The Ninjabot

Williams and Blackman Leave “Batwoman” Over Conflict with DC

Posted on September 5, 2013 at 8:59 am by Tyler Waterman

Batwoman has long been on of DC’s finest books, not just within the Bat-family, but within the entire New 52 lineup. Edgy, exceptionally unique, and always gripping, writer J.H. Williams III’s stories defined one of the most individual characters to ever wear the mantle, and W. Haden Blackman’s art reinforced that with every panel. Fans of the book never knew what to expect, other than buckets of loved poured into it from this creative team.

As of today, we say goodbye to that team. Citing a continuing conflict with DC Editorial, both talents have announced they have left the title, with their final issue being December’s Batwoman #26.

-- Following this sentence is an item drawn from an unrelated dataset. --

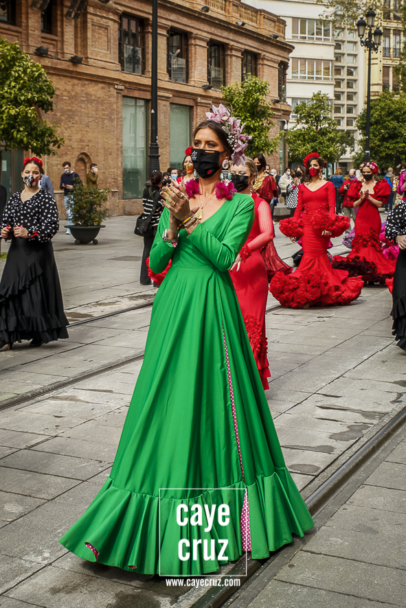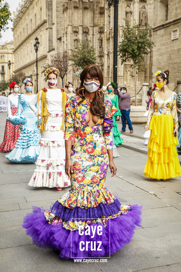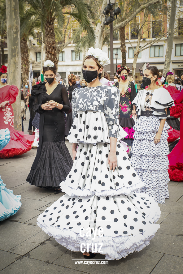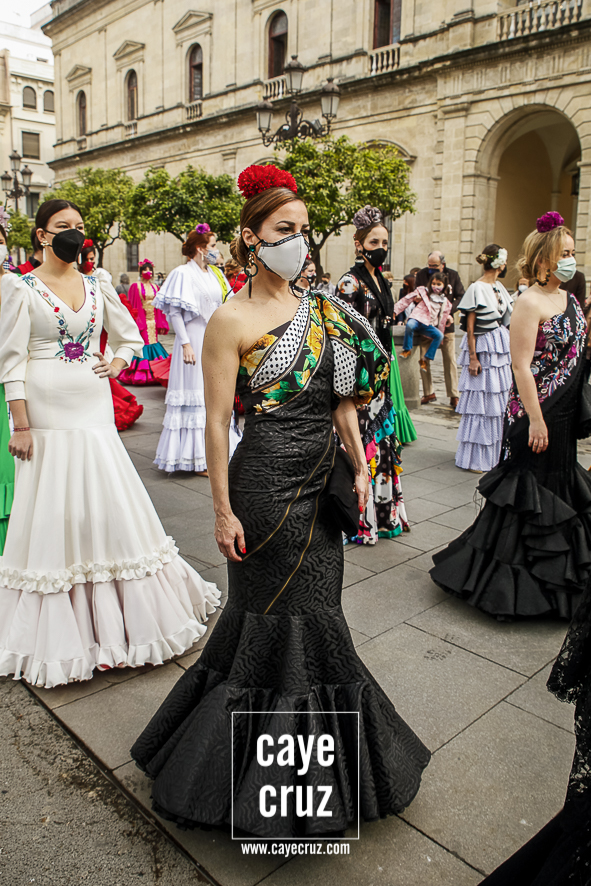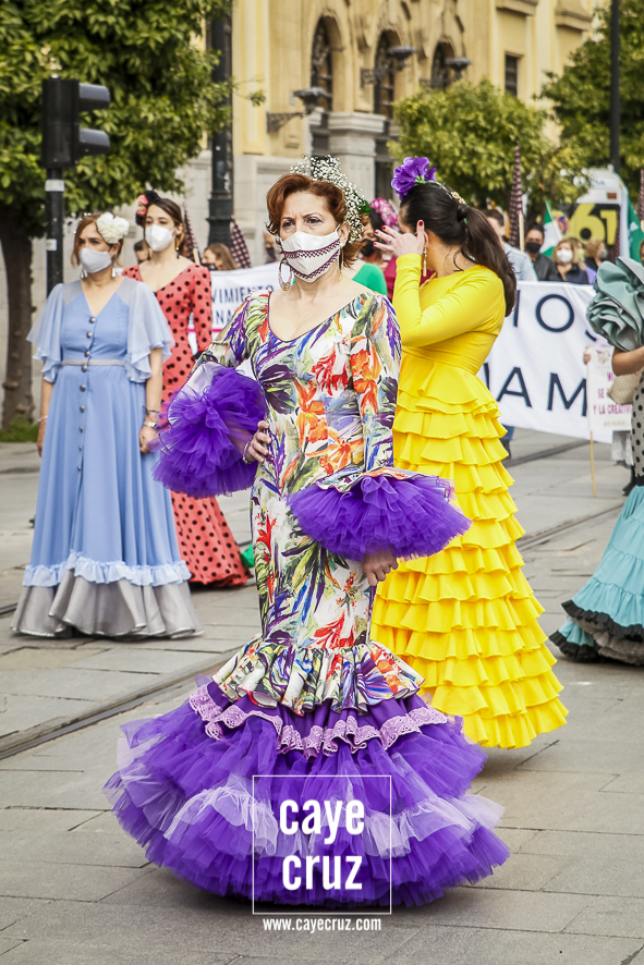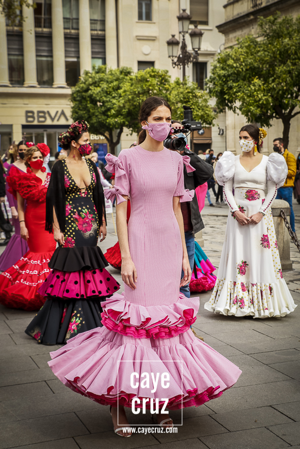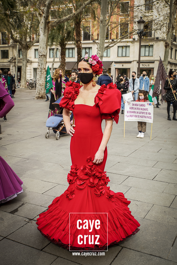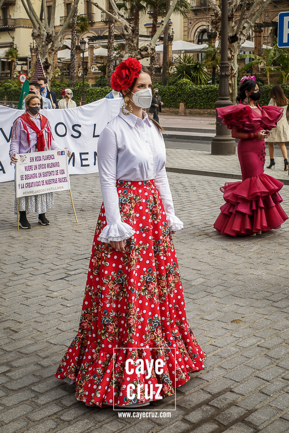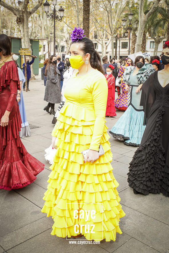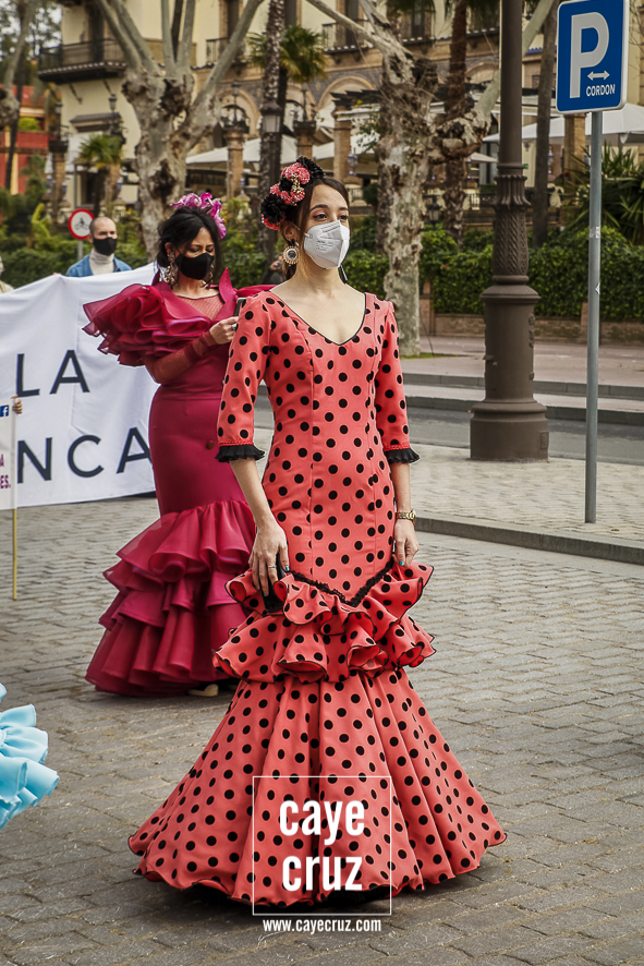 Castañuelas marcando el ritmo, decenas de curiosos y curiosas acercándose, flamencas de todo tipo, de cualquier parte de Andalucía y volantes de muchos colores que dejaron a un lado el luto del negro y pasaron a la reivindicación de un sector que ya no puede más: la moda flamenca salió de nuevo a la calle y, una vez más, demostró que el traje de flamenca, la flor en el pelo, el estilismo bien hecho o el costumbrismo que estamos «elevando» a días de celebrar nuestra autonomía, sigue siendo uno de nuestros mejores reclamos.

“Unfortunately, in recent months, DC has asked us to alter or completely discard many long-standing storylines in ways that we feel compromise the character and the series,” read a statement from both creators on each of their websites. “We were told to ditch plans for Killer Croc’s origins; forced to drastically alter the original ending of our current arc, which would have defined Batwoman’s heroic future in bold new ways; and, most crushingly, prohibited from ever showing Kate and Maggie actually getting married. All of these editorial decisions came at the last minute, and always after a year or more of planning and plotting on our end.”

As sad as I am to see them go, I find it hard to blame them. While no creator wants to have their long-term plans upended, this book in particular relied very heavily on subtle story hints and detailed character developments that were essential to understanding the story and driving it forward. Having read every issue, I can’t imagine how difficult it must have been to try and adjust or outright abandon the plot devices they were so carefully cultivating.

Perhaps the bigger issue here is the obviously controversial decision not to depict the wedding of Kate and Maggie. While Williams made a point of saying that DC’s stance wasn’t anti-gay marriage (see below), it’s hard to blame the folks who are jumping to that conclusion. Considering both the commercial success and public support Marvel received after the announcement and depiction of Northstar’s marriage to his boyfriend Kyle in Astonishing X-Men, DC’s desire to avoid a similar idea seems strange. It’s particularly disappointing considering Batwoman did such a fantastic job of depicting homosexuality in a comics, where so many other books do not.

More information will certainly come out, but out of the gate, this looks like another black eye for DC’s management decisions, and if nothing else is a huge loss for comic fans everywhere.